White Professor Is Branded Racist by UMass Chancellor for Publicly Questioning Newly-Appointed Black Dean’s Qualifications
Alex Oliveira, Daily Mail, April 13, 2022
A white UMass Boston professor, Jeffrey Melnick, was accused of racism by the school chancellor, Marcelo Suárez-Orozco, who is Latino, in a school-wide email after he publicly questioned the qualifications of a black dean, Tyson King-Meadows, to chair a staffing committee.
During a February 7 faculty council meeting, Melnick, a professor of American studies and the elected Communications Director of the Faculty Staff Union, questioned Provost Joseph B. Berger’s decision to appoint King-Meadows – the newly hired dean of liberal arts – to lead the search for a new education dean.
During the faculty council meeting, which King-Meadows was attending, Melnick said King-Meadows’ appointment to lead the new staff search was ‘a matter of some controversy,’ because the faculty had not yet ‘worked out the feelings’ about the search that lead to King-Meadows’ own hiring.
Three days later, on February 10, Provost Berger and Chancellor Suárez-Orozco sent an email to the entire UMass Boston community – students, faculty, and alumni – decrying Melnick’s comments as ‘racially charged.’
Following this email, a letter signed by 10 faculty members – including four interim deans – was distributed to staff calling for an apology from Melnick and the entire faculty council (FC) on which he serves.
‘Listening to an FC executive committee member impugn the new Dean’s integrity and capacity to perform his job must have felt dehumanizing for him,’ the letter reads, referring to Melnick’s questioning of King-Meadows while he was present.
‘It seems patronizing and smacks of white privilege and a posture of supremacy.
‘It is time for this FC member, the FC executive committee and the entire Faculty Council to apologize to the CLA Dean for the remarks made on behalf of UMB faculty especially if the remarks harbored no ill intent.’
The accusation led to an ongoing campus and community-wide spat between faculty, administration and the Boston Globe newspaper about racism and school politics at the University of Massachusetts Boston.
Melnick asserted that his remarks were not racially motivated, and that the administration’s accusations are retaliation against him for criticisms of the administration he has made in the past.
‘There is widespread sentiment on campus (as our union president said) that this is retaliatory action for my very visible criticism of admin and represents an attack on faculty and union power more generally,’ Melnick told DailyMail.com.
‘The administration is weaponizing anti-racism to silence faculty on other issues that really don’t have to do centrally with race,’ UMass Boston labor historian and faculty union leader Steve Striffler, who is white, told Boston radio station GBH in March.
King-Meadows joined the UMass Boston administration just five months prior in September 2021, after the administration appointed him in favor of the faculty council’s other finalists, current professors Rajini Srikanth and Arindam Bandopadhyaya.
‘I had heard from a few people that they kind of wondered why this brand new dean — who wasn’t from the ed school and just got to UMass – why he had been named to lead the search,’ Melnick told GBH.
King-Meadows’ ‘role and responsibilities as the chair of a search committee are being scrutinized and challenged in ways that no other dean has experienced at UMass Boston,’ the email from the provost and chancellor read.
‘There’s no room for this behavior on our highly diverse campus, especially one that aspires to be the leading antiracist, health-promoting public research university.’
‘We stand in solidarity with Dean King-Meadows and all our African American and Black colleagues at the university.
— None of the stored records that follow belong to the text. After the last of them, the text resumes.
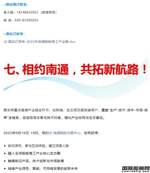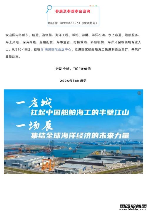 奔騰長江在此入海,黃金海岸在此舒展--南通,這座屹立于江海交匯之地的樞紐之城,正以萬億級產業基座為全球船舶海工繪制新航海圖!由南通市人民政府、中國船舶工業行業協會主辦的2025南通船舶海工產業展,將于9月16日-18日,在南通國際會展中心召開,誠邀全球同仁共赴世界級產業集群和驅動未來海洋經濟引擎的盛會。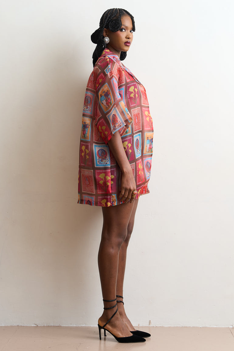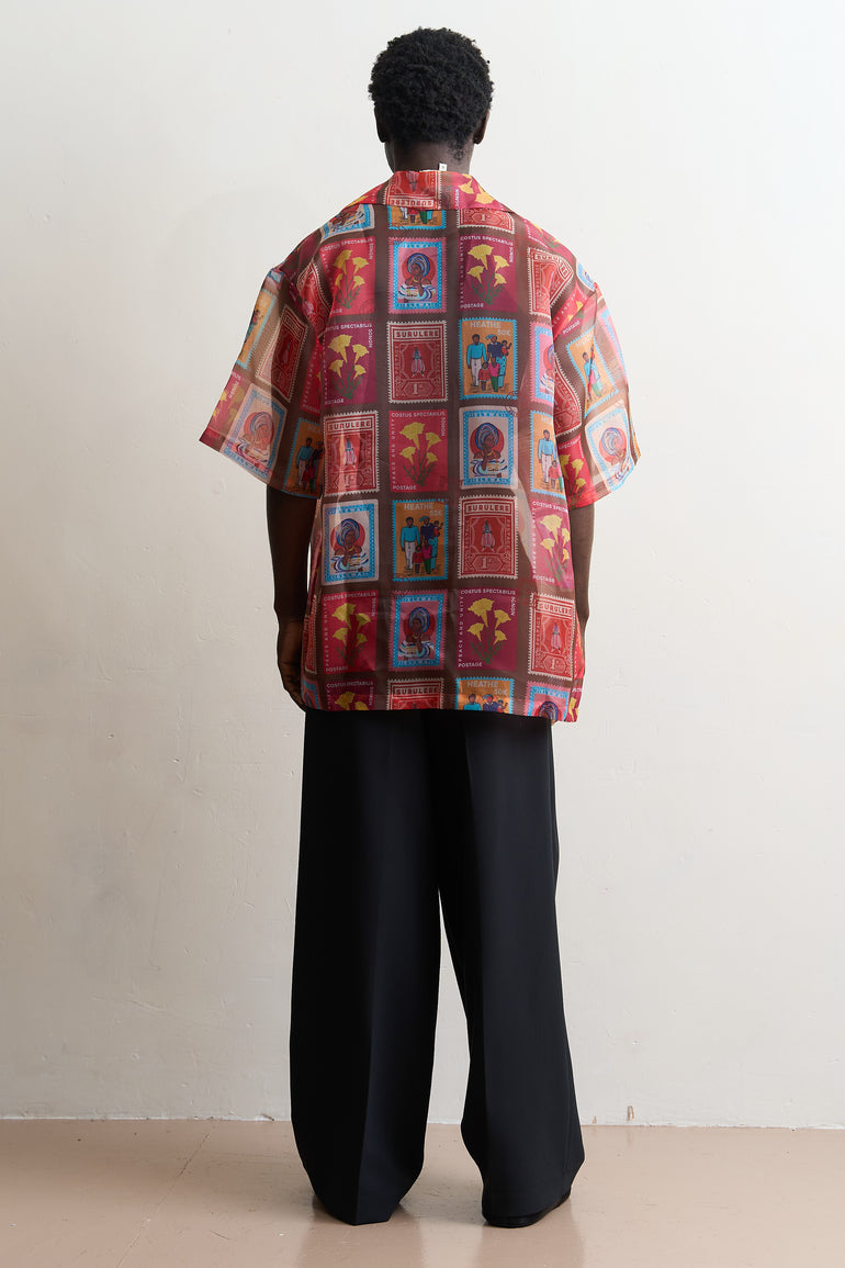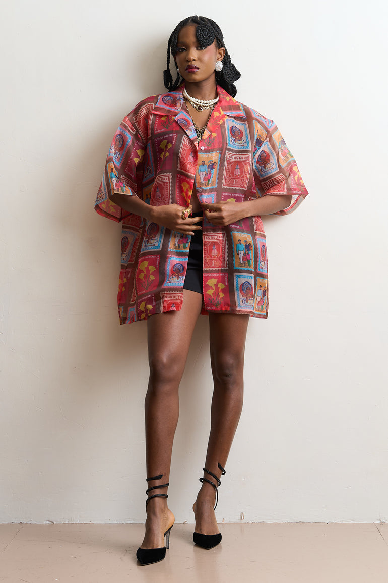 Our sheer organzas are the perfect styling pieces all year round. The oversized fit makes them ideal as a breezy cover-up in warmer climates or as a layering piece during the colder months. This style features the iconic "Post Stamp" print.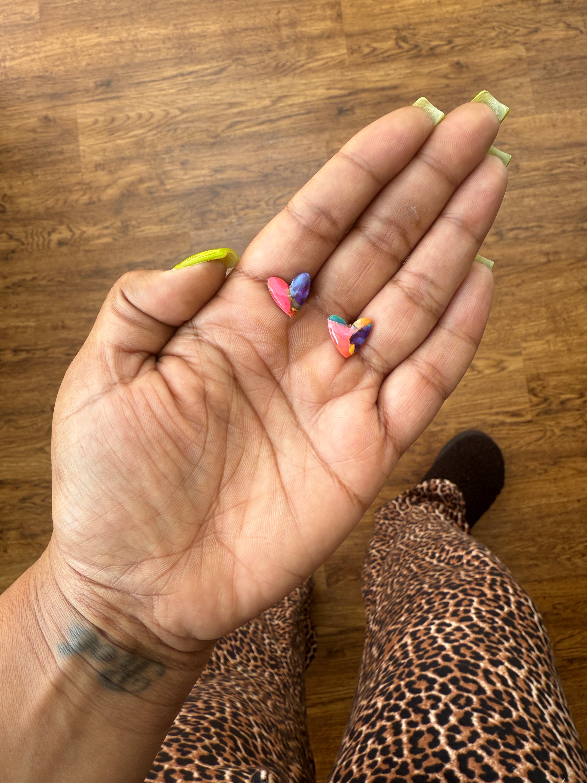 Small in size, bold in sentiment… The LOVE STUD ~ SCRAPPY earrings are a minimalist take on heartfelt style, handcrafted from polymer clay in a beautiful array of colours. These tiny heart studs are designed for everyday wear, offering a sweet statement that pairs perfectly with any outfit.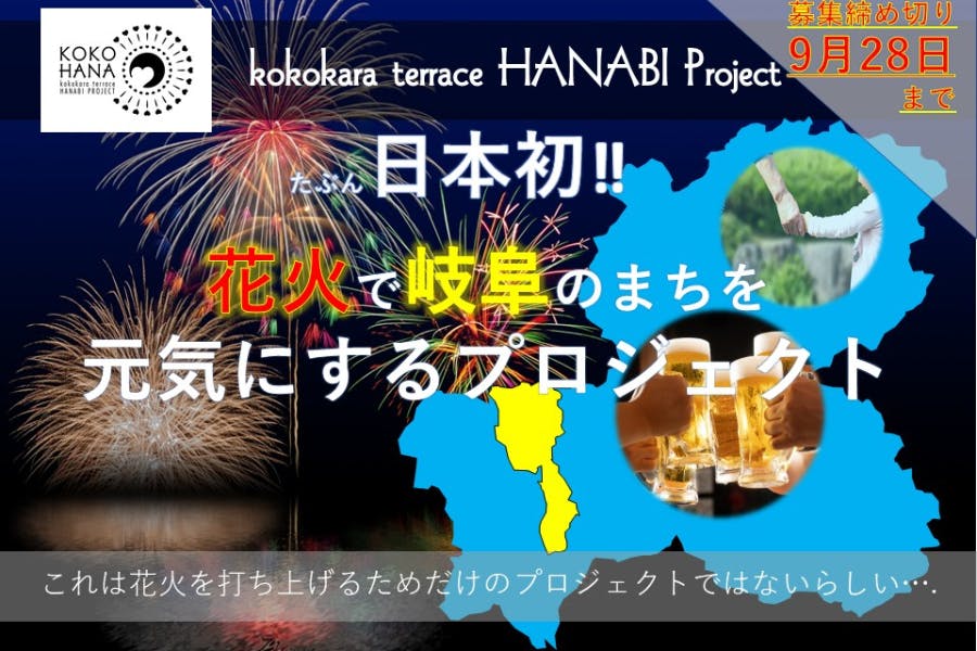集まった支援金で岐阜県「本巣・北方エリア」の夜空に花火の打ち上げをします。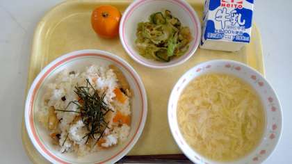 【七夕献立】 ・ちらし寿司 ・キャベツのおかか和え ・かきたま汁 ・冷凍みかん ・牛乳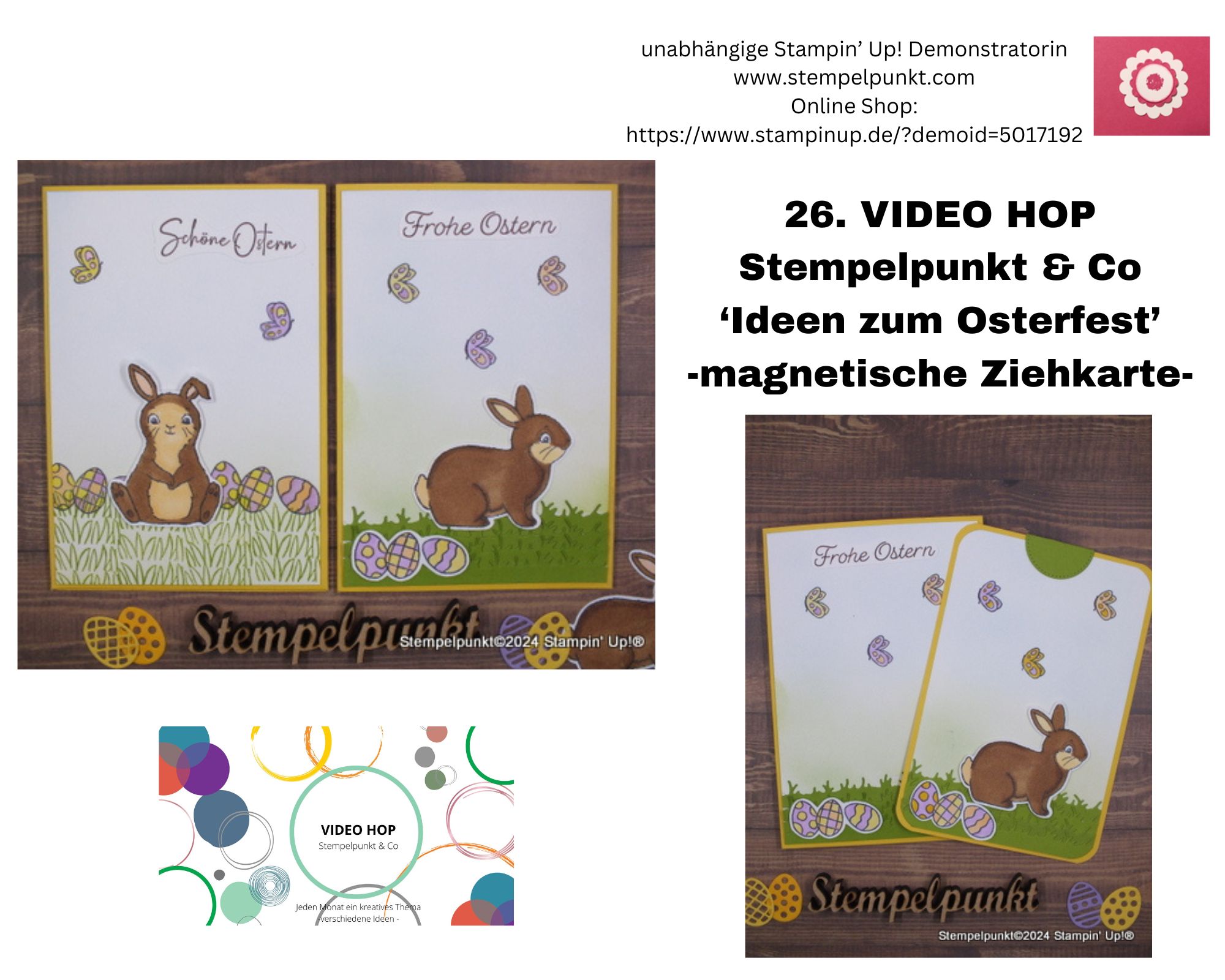 Heute gibt es den 26. VIDEO HOP von Stempelpunkt & Co. Einige Stampin‘ Up!-Demonstratorinnen haben sich zusammengetan, um euch an jedem 2. Samstag im Monat jeweils ein Video zu einem vorgegebenen Thema zu zeigen. Unser Thema im März ist ‚Ideen zum Osterfest‘.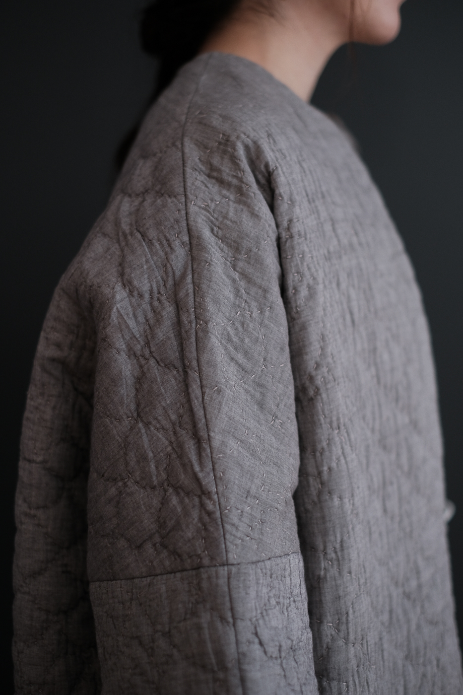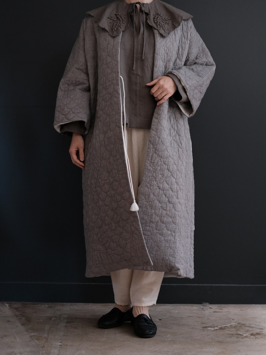 手刺繍のキルトローブ。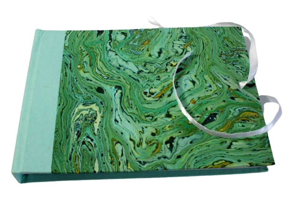 Photo Album with marble paper hard cover packed in a matching box. Classical photo album with 22 thick sheets of 300 GSM of cotton recycled handmade papers to support photo. Each thick sheet is supported by very thin butter paper to protect photo. Totally handcrafted album by specialist artisans bound in a way that one can preserve old memories inside in a beautiful way!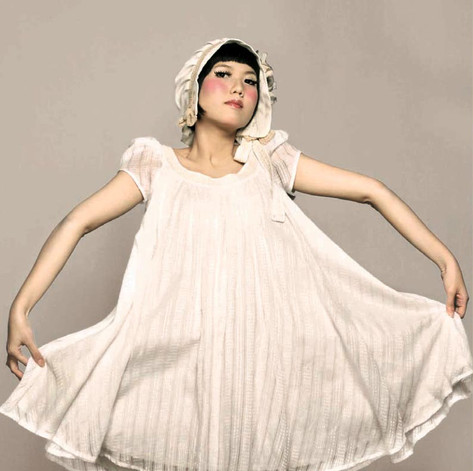 The dress and make-up, and then her expression! Fabulous! Awesome piece!
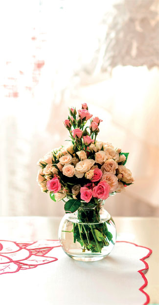Помимо обилия текстиля, непременным атрибутом стиля шебби-шик будет большое разнообразие живых цветов. Они могут быть повсюду, но никаких цветочных композиций, только пышные букеты из свежесрезанных цветов! В идеале это букет роз. Очень много розочек… Можно дополнить интерьер свежей растительностью, посаженной в деревянные ящики или стеклянные бутылки.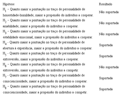 Por meio dos resultados, verificou-se que apenas o traço de personalidade denominado conscienciosidade, que inclui características como organização e disciplina (Shepherd & Belicki, 2008), está relacionado com a cooperação e competição, simultaneamente. Honestidade-humildade e amabilidade não apresentaram qualquer relação com a cooperação, diferente do apontado por estudos anteriores. Enquanto a estabilidade emocional apresentou efeitos contrários ao esperado, ou seja, alta pontuação neste traço de personalidade, na verdade, afeta negativamente a propensão do indivíduo para cooperar. O mesmo aconteceu na relação analisada entre extroversão e competição. Os resultados deste estudo demonstram que na amostra de alunos de pós-graduação na área de negócios, a extroversão está negativamente associada com a propensão para competir. Como esperado, a abertura à experiência e a extroversão se mostraram positivamente relacionados a cooperação individual.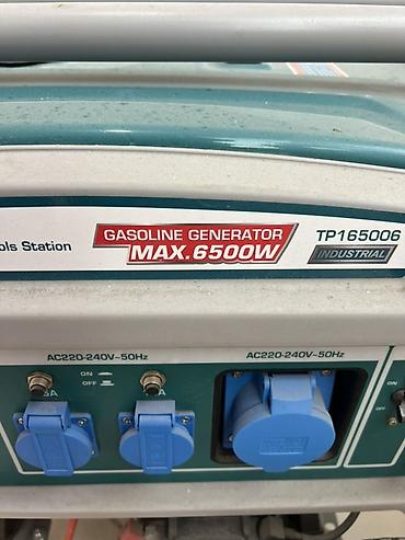 Geniş çən, sabit 220–240V çıxış və rahat daşınma üçün təkər sistemi ilə ev, ofis, tikinti və bağ sahələri üçün uyğun güclü benzin generatoru. Model üzərində “Gasoline Generator MAX.6500W” və “TOTAL One-Stop Tools Station” işarələri mövcuddur.
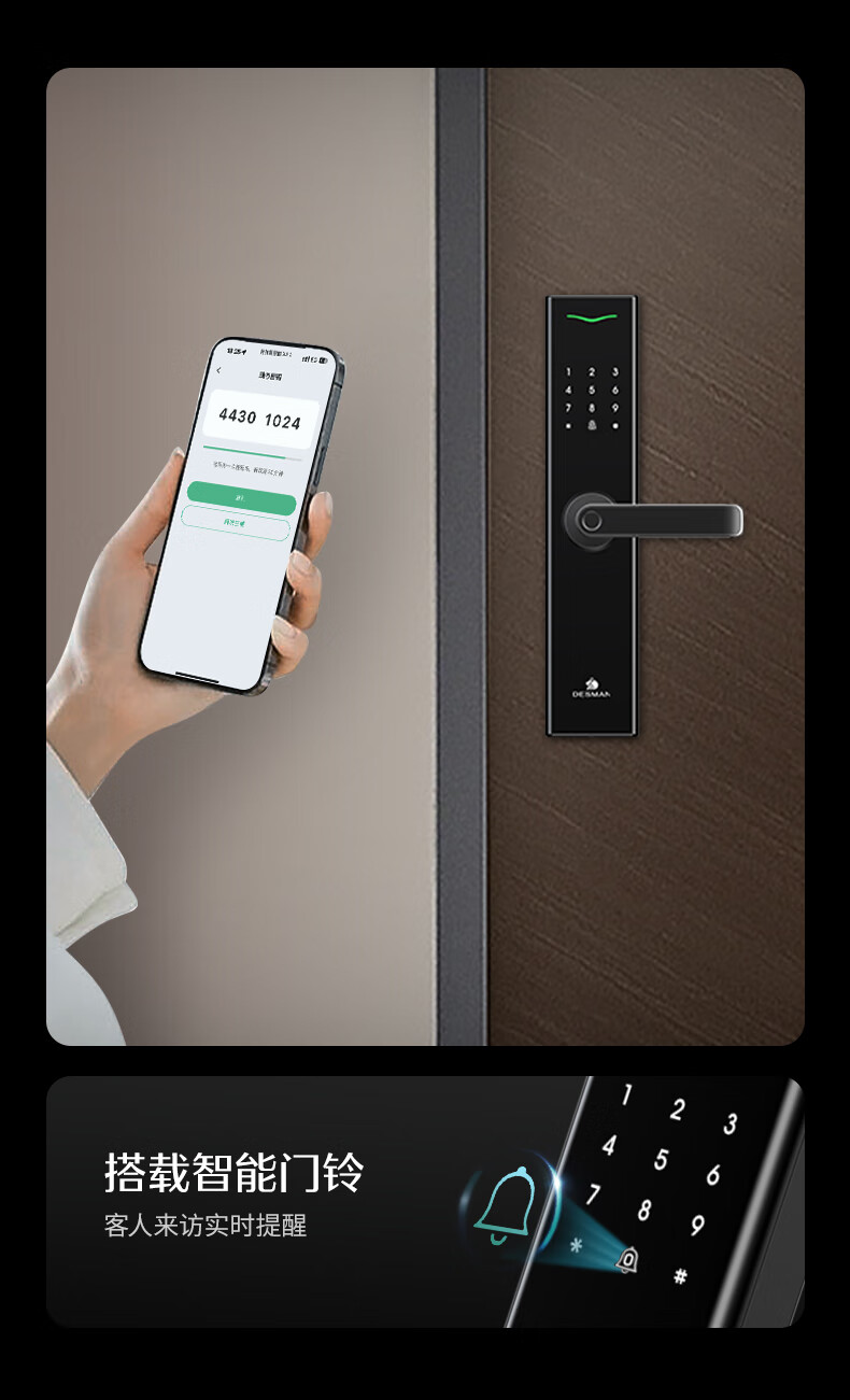 德施曼(DESMAN)智能门锁电子锁家用防盗门锁指纹密码锁小嘀V20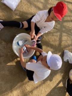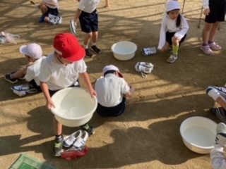 下は一年生、生活科で上靴を洗う実習を行いました!みんな、ゴシゴシきれいになるまで磨いていました。

And let us be perfectly clear: We have full confidence in Dean King-Meadows to lead this search.’
As of April, Suárez-Orozco and Berger are in talks with the UMass Boston faculty council to resolve the issue.
Melnick maintains that his remarks had no racial intention, and that the administration’s accusations are motivated by criticisms he has made in the past about the teeth of their own anti-racist policies on campus.
In a March interview with the UMass Boston student newspaper, The Mass Media, Melnick pointed to comments he has made about the administration in his weekly Faculty Staff Union newsletter, ‘The Point,’ and said that the administration has tried to silence him for them before.
‘When our provost first met with my union’s president after taking the job, the provost directly asked him to see if he could get me to tone down my criticisms of the administration,’ Melnick told The Mass Media.
In a February letter to the chancellor and the provost, the UMass Boston graduate student union (known as GEO) denounced the accusations of racism and supported Melnick’s assertions that race was being used as a retaliatory tool of control.
‘This charge of racism was levied [by the chancellor and provost] to shield themselves from criticism of their leadership practices. In doing so, they used racist tropes to discourage faculty from speaking out about leadership practices.’
In February, the UMass Boston graduate student union (known as GEO) sent a letter to the chancellor and the provost
‘As a white person committed to anti-racist work I welcome each and every opportunity to think about how systemic racism works and what part I might play in its reproduction,’ Melnick told The Mass Media.
‘So personally, I welcome this chance to keep on doing this work – even if the opportunity to do so was presented by two powerful administrators who put me on blast to the entire extended UMass Boston community without making any effort to first contact the Faculty Council leadership or me.’